Here's an issue I've been struggling with for a few hours.
As you know, BERT models excel at building contextualised embeddings for word pieces in context. To achieve this, a contextualisation process looks at the other word pieces in the input sentence and updates every word piece with regard to these other word pieces. To do this, however, there must first be simple static embeddings for every word piece, which can then be further contextualised (using the static embeddings of the other word pieces).

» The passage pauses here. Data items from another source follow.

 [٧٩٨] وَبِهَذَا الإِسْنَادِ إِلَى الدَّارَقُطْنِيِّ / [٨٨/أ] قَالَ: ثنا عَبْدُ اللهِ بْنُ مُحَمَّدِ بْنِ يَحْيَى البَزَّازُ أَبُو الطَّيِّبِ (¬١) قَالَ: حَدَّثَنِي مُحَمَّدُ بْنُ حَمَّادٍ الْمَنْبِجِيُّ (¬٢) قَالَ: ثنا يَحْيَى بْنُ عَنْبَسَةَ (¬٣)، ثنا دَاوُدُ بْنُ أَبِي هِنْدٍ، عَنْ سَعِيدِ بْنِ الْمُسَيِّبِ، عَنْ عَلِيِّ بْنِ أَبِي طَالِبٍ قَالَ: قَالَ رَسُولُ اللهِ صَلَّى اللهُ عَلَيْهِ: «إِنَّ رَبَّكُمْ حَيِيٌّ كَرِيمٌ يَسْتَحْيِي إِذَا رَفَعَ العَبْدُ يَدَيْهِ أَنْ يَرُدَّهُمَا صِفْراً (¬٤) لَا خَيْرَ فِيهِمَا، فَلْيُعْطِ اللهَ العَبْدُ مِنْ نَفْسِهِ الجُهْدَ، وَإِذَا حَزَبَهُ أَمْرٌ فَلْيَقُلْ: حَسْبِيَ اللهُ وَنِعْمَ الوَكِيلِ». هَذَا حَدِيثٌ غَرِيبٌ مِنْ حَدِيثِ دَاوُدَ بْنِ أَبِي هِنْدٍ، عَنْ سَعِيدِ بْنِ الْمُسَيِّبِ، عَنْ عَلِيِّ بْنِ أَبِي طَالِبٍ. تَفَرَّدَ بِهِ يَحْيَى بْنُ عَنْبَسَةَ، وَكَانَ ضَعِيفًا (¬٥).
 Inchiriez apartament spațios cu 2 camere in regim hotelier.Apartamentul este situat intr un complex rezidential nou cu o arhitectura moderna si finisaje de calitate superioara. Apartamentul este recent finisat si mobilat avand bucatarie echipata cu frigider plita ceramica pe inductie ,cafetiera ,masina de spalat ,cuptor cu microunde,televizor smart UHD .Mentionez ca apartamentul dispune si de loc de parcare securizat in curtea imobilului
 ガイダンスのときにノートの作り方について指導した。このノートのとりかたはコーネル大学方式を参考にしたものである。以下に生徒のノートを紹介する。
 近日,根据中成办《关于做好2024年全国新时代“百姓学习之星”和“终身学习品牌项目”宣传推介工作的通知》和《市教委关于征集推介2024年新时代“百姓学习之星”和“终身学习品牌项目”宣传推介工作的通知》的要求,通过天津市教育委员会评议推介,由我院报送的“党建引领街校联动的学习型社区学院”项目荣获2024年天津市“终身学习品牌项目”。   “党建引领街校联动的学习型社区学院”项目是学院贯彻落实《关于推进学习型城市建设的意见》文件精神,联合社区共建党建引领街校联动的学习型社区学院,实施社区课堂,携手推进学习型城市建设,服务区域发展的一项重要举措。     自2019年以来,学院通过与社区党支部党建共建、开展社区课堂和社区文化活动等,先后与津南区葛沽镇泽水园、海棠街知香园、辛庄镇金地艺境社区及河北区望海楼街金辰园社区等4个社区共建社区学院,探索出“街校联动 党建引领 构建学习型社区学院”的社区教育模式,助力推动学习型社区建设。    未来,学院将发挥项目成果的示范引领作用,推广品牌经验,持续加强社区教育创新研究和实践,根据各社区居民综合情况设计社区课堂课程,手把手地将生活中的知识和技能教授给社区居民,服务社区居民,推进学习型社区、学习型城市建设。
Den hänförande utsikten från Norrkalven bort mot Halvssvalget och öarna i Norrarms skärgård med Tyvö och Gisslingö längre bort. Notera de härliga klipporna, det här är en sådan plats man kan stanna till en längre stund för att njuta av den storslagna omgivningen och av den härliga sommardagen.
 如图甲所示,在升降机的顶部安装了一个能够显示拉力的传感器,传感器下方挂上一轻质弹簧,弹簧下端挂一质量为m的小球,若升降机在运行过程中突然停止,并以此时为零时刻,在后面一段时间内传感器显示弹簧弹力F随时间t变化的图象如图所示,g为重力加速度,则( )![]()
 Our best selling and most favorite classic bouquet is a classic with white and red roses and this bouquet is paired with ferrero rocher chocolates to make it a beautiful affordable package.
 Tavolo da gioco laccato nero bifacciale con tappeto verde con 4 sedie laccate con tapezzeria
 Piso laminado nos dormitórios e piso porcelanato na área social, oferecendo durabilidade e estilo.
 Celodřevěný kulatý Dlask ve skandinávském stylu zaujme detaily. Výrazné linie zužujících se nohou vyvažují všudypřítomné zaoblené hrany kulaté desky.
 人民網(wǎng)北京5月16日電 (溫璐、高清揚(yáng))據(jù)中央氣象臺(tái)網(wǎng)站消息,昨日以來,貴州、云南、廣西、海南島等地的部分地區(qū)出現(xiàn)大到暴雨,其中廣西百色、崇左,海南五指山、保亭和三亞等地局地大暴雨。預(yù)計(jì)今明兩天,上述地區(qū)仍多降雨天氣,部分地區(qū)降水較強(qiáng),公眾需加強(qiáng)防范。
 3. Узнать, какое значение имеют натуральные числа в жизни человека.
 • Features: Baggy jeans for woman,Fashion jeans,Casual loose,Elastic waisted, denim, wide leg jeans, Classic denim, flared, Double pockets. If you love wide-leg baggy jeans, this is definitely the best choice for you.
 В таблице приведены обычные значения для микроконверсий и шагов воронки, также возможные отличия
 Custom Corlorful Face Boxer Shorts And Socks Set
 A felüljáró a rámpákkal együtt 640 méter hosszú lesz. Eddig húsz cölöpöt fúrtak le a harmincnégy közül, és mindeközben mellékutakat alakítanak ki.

As such, you'd expect that the static embedding for the word "rock" is the same in the following sentences, since it hasn't been contextualised yet:
- I found a rock.
- I only listen to rock.
However, when we look at the embedding values (only first value shown), we see that the embeddings are in fact different:
0.0072002243 CLS
-0.6297855 I
-0.088253215 found
-0.26929685 a
-0.7464624 rock
0.11356917 SEP
vs.
0.0072002243 CLS
-0.6297855 I
-0.24548365 only
-0.92078257 listen
0.056366425 to
0.2555759 rock
0.01896917 SEP
Curiously enough, the embedding for I is the same. What's going on? The explanation for this behaviour is very simple. The issue is that it's so simple that you can easily gloss over this.
If we refer to the famous schematic of BERT's input, we see that BERT input does not only consist of token embeddings. Indeed, the input vectors also consist of segment embeddings and position embeddings. These embeddings are crucial in the BERT architecture to differentiate between word pieces, and are thus also added to the input.
Our word "rock" is not in the same position in the two example sentences, and thus has a different embedding. The word I, however, is in the same position, and therefore the I embeddings are the same. It's that simple.
Moral of the story: never forget what you already know.